■ **EXERCISE GOAL**: Exactly as written, set down the lines from the top of the entries through the line bearing "據友誼關海關統(tǒng)計", with every picture left out.
[DATASET EXCERPTS — start]
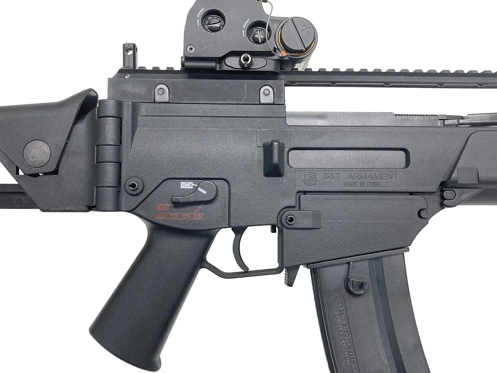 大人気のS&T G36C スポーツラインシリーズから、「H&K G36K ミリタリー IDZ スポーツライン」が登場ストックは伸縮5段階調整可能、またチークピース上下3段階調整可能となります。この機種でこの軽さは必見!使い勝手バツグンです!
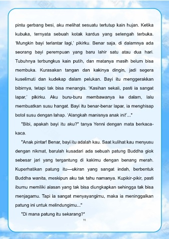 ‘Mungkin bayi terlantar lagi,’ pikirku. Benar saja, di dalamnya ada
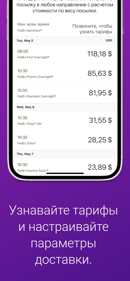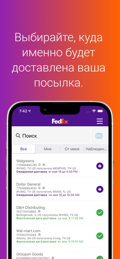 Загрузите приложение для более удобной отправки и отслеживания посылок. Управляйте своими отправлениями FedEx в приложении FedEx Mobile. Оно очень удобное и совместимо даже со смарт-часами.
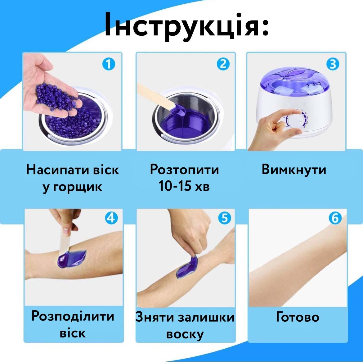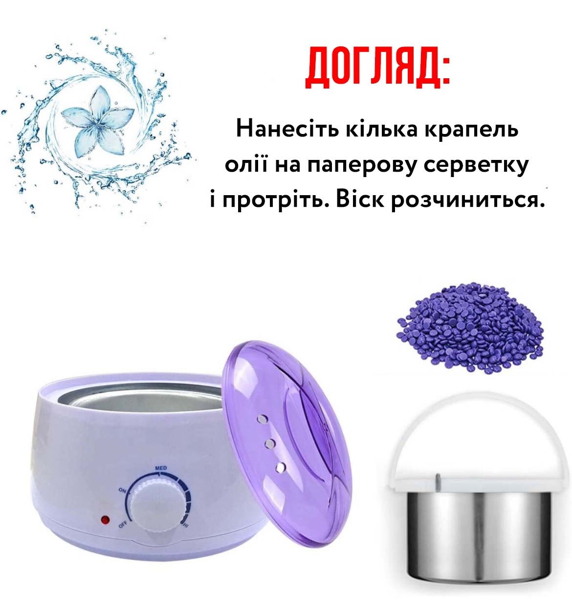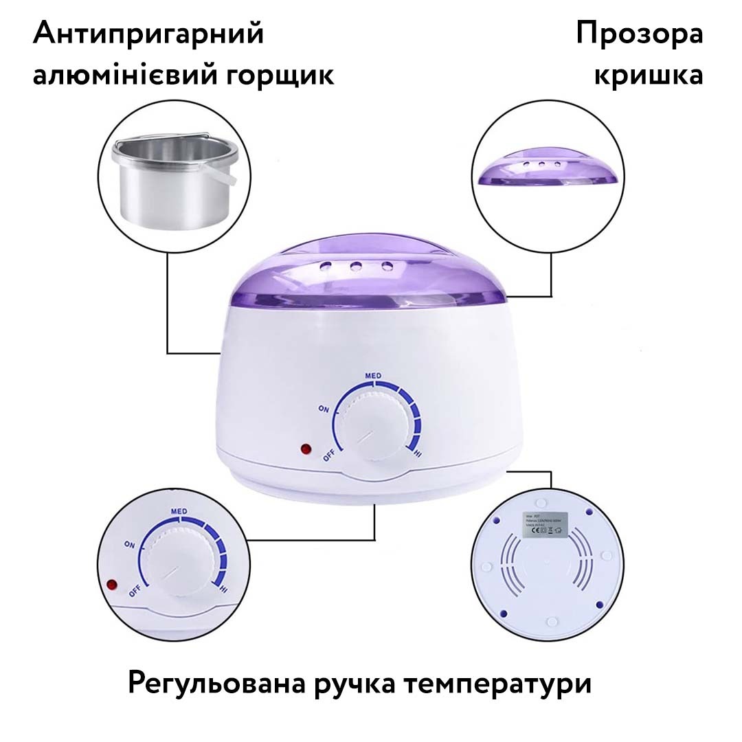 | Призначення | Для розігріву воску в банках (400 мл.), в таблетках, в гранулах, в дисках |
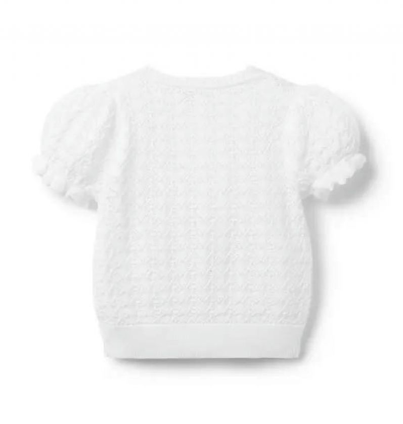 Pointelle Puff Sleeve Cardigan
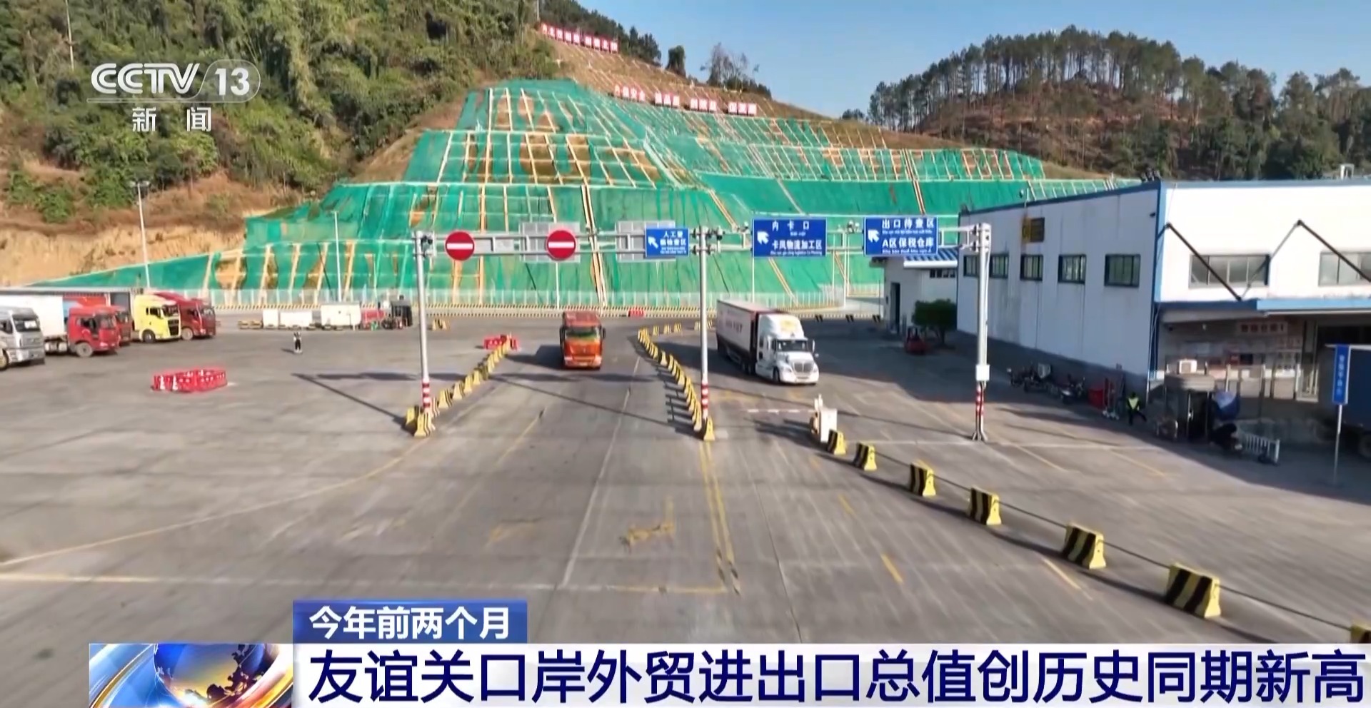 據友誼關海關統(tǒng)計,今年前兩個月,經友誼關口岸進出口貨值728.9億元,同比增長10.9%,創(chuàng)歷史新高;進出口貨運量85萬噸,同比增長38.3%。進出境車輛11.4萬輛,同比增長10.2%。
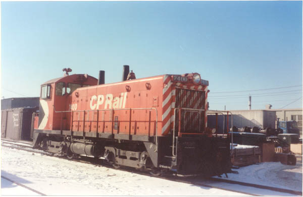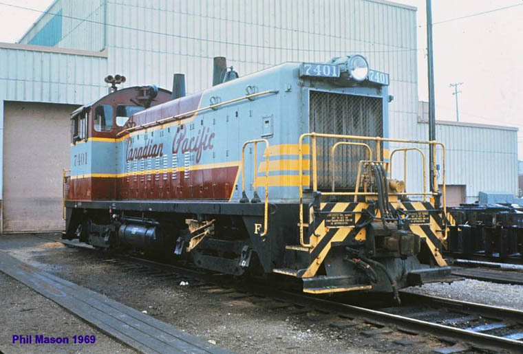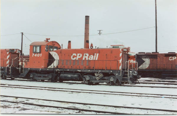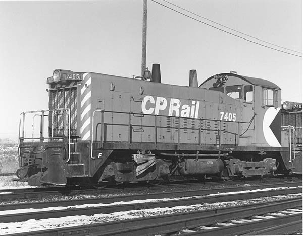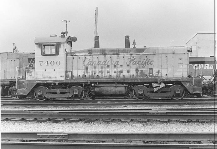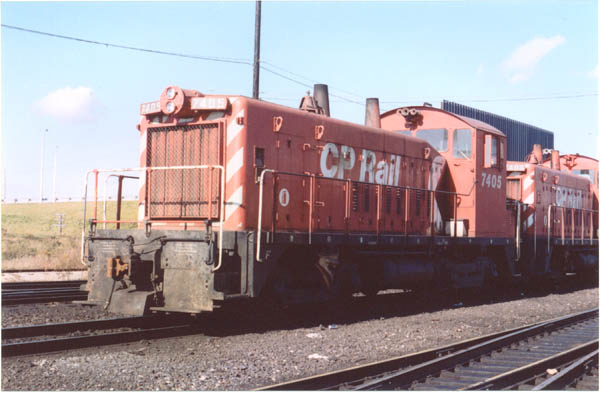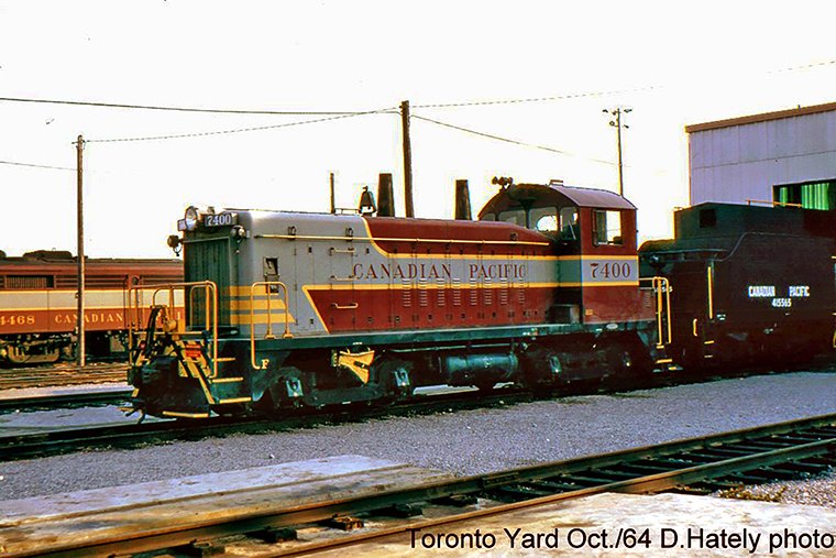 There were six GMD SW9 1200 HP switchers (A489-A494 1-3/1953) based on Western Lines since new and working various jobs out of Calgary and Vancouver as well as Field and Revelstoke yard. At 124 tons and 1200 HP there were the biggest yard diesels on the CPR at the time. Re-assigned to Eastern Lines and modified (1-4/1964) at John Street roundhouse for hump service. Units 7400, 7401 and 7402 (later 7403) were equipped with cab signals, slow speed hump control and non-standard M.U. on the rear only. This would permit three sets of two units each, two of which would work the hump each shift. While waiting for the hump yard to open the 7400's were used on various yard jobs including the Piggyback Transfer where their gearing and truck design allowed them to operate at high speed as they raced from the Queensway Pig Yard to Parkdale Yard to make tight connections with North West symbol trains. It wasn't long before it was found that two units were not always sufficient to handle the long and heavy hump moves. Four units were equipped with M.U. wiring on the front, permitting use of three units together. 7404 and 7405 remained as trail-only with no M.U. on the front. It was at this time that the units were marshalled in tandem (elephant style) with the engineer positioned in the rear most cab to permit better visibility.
[DATASET EXCERPTS — finish]
■ **WRITTEN RESPONSE**:
 大人気のS&T G36C スポーツラインシリーズから、「H&K G36K ミリタリー IDZ スポーツライン」が登場ストックは伸縮5段階調整可能、またチークピース上下3段階調整可能となります。この機種でこの軽さは必見!使い勝手バツグンです!
 ‘Mungkin bayi terlantar lagi,’ pikirku. Benar saja, di dalamnya ada
 Загрузите приложение для более удобной отправки и отслеживания посылок. Управляйте своими отправлениями FedEx в приложении FedEx Mobile. Оно очень удобное и совместимо даже со смарт-часами.
 | Призначення | Для розігріву воску в банках (400 мл.), в таблетках, в гранулах, в дисках |
 Pointelle Puff Sleeve Cardigan
 據友誼關海關統(tǒng)計,今年前兩個月,經友誼關口岸進出口貨值728.9億元,同比增長10.9%,創(chuàng)歷史新高;進出口貨運量85萬噸,同比增長38.3%。進出境車輛11.4萬輛,同比增長10.2%。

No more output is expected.